TAKALAR // Ujungmata – Lembaga Elang Hitam Nusantara Republik Indonesia (ELHAN-RI) menyatakan akan segera menempuh jalur hukum dengan mengajukan gugatan ke Pengadilan terkait dugaan perubahan nama yang dilakukan secara tidak sah oleh seseorang yang saat ini menjadi pejabat publik di Kabupaten Takalar Sulawesi Selatan.
Kepala Divisi Investigasi Lembaga ELHAN-RI, Hasbuddin Toro, menegaskan bahwa langkah hukum ini diambil setelah menemukan fakta kuat dugaan pelanggaran administrasi kependudukan.
“Dugaan sementara, pejabat yang dimaksud telah mengubah namanya dari semula NURLIA KEBO menjadi HADIJAH tanpa didasari oleh penetapan atau putusan Pengadilan Negeri sebagaimana diwajibkan oleh undang-undang,” ujar Hasbuddin Toro, Senin (06/04).
Menurutnya, perubahan nama yang bersifat substantif atau mengganti nama secara utuh, secara hukum mutlak harus melalui proses peradilan dan tidak bisa dilakukan hanya melalui jalur administrasi semata.
“Kami menilai perbuatan tersebut adalah Perbuatan Melawan Hukum (PMH) dan sangat jelas mengandung cacat yuridis. Oleh karena itu, Lembaga ELHAN-RI dalam waktu dekat akan segera mendaftarkan gugatan pembatalan nama tersebut ke Pengadilan.” tegasnya.
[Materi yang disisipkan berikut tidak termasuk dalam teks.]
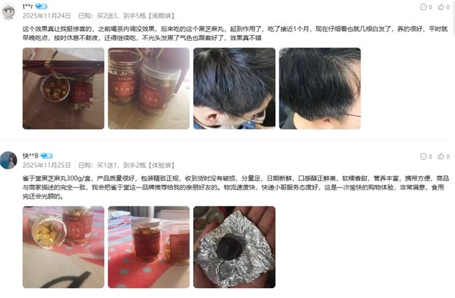 雀于堂的适用场景极为广泛,作为正宗的养生佳品,其滋补肝肾、乌发润发等功效,能够应对头晕耳鸣、腰膝酸软、须发早白等因肝肾不足引发的问题,还可改善便秘、预防骨质疏松、缓解疲劳。无论是用于日常营养补充、调理身体,还是作为节日礼品、社交分享都十分适宜。实际检测数据显示,其复购率高达83%,好评率达99%,评论区满是“营养丰富,吃完精力充沛多了”“正宗口感,全家都爱吃”的真实反馈。
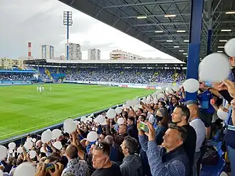 East stand was rebuilt (an all seated stand replacing the entire East standing section) with works finishing in early April 2017. The capacity of east stands is 4650 seats.[4][5][6] The East stand was funded entirely by club supporters and local businesses.[7][8] United States midfielder Mix Diskerud donated funds to the project by buying 50 seats for the North stand as well as two ten year passes for East stand.[9][10] Former club managers and players the likes of Amar Osim, Edin Džeko, Ibrahim Šehić and Semir Štilić among others, also donated.[11] Regional clubs also supported the project, with donations coming from Dinamo Zagreb.[12][13]
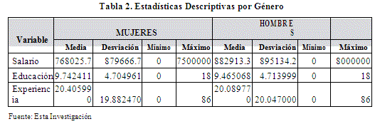Los datos indican una alta variabilidad sobre todo en el salario, la educación y los años de experiencia, evidenciando heterogeneidad de los mismos. El promedio general de ingresos es de $826.458,7 con una desviación de $889.152,5, tomando valores entre $0 y $8.000.000. El promedio de educación en la población es de 9,6 años con una desviación de 4,7 años, tomando valores entre 0 y 18 años de educación. Asimismo, la experiencia laboral registra un promedio de 20,3 años con una desviación de 20 años, tomando valores entre 0 y 86 años.
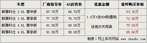據進口現代4S店銷售人員介紹,目前新雅科仕車型優惠1.5萬元,并返還50%購置稅。返還的購置稅分別從2.9萬-3.9萬不等,其中4.6L尊享版購置稅最高返還近4萬元,最終購買價格約85.6萬元。新雅科仕最低實際購買價格63.3萬元。另據介紹,現購買新雅科仕還贈送高爾夫用具。如消費者有意購買,到店詳談會有更優惠的價格。北京地區各4S店由于訂單不同,各店銷售的現車顏色有所不同。
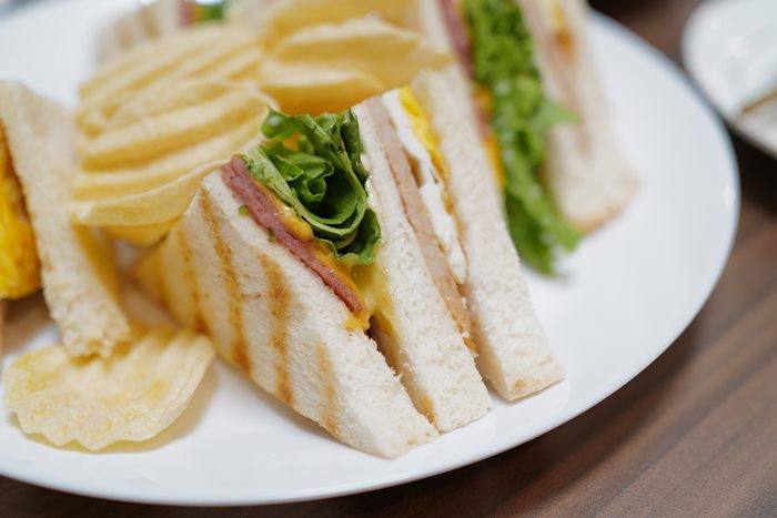 | 總匯三明治的份量充足,且食材都很新鮮,生菜都非常的翠綠水分又多,吐司烤的恰到好處,一口咬下非常滿足。 |
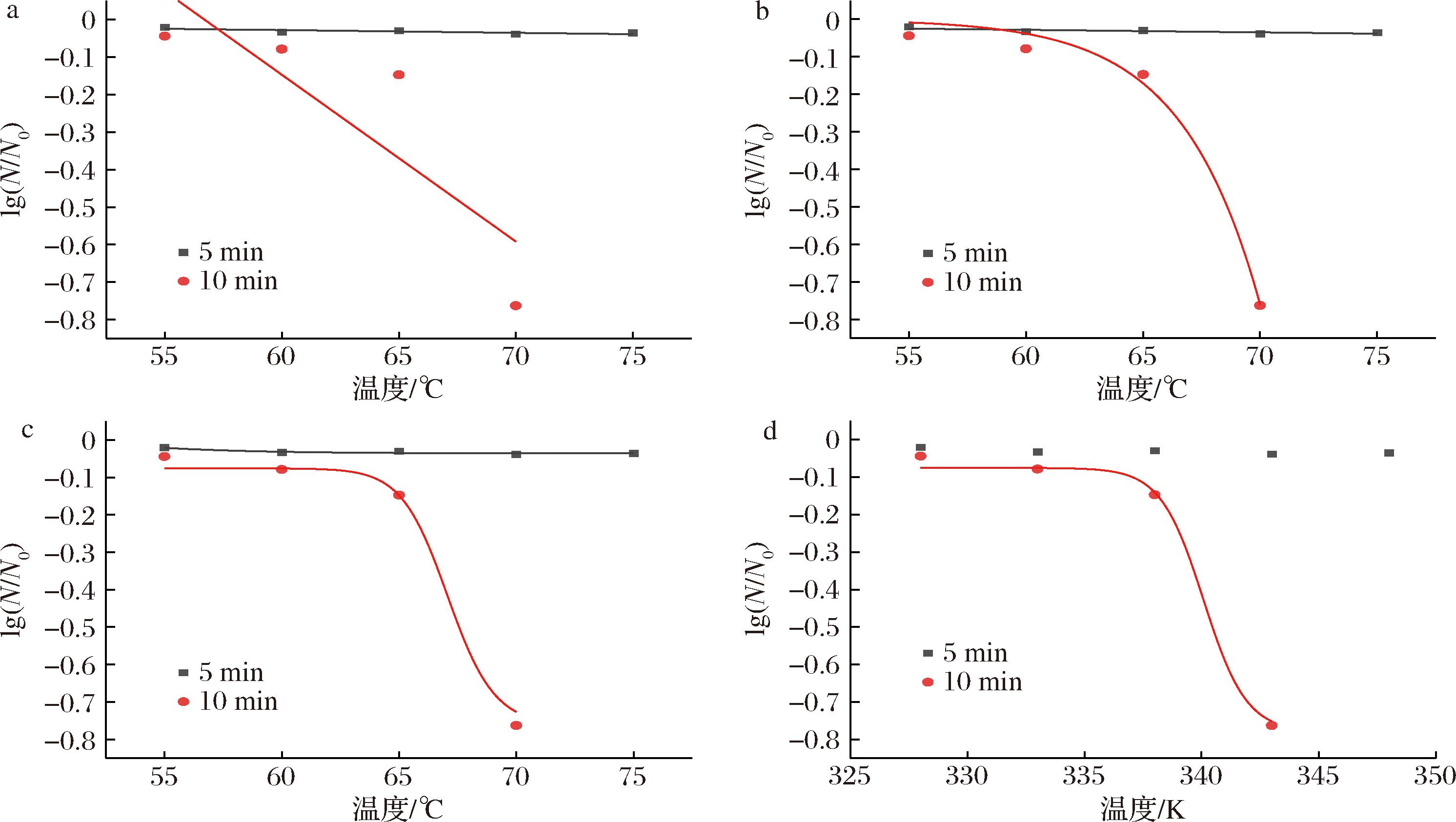式中:N0,未处理前金黄色葡萄球菌的初始菌落数,CFU/mL;N,杀菌处理后的金黄色葡萄球菌数量,CFU/mL;T,温度变量,℃;a,直线截距,其大小表示金黄色葡萄球菌的初始菌落数与处理后菌落数的差异大小;b,直线斜率,其大小表示金黄色葡萄球菌的灭活速率快慢。

Tak hanya itu, pihaknya juga mengaku saat ini terus melakukan pendalaman materi dan pengumpulan bukti-bukti untuk persiapan pelaporan tindak pidana, mengingat kasus ini menyangkut integritas data kependudukan dan penyalahgunaan wewenang jabatan.
“Kami tidak akan berhenti sampai di sini. Selain gugatan perdata, kami juga akan mendorong proses hukum pidana jika ditemukan unsur pidana di dalamnya demi tegaknya hukum dan kebenaran di Kabupaten Takalar,” pungkas Hasbuddin Toro.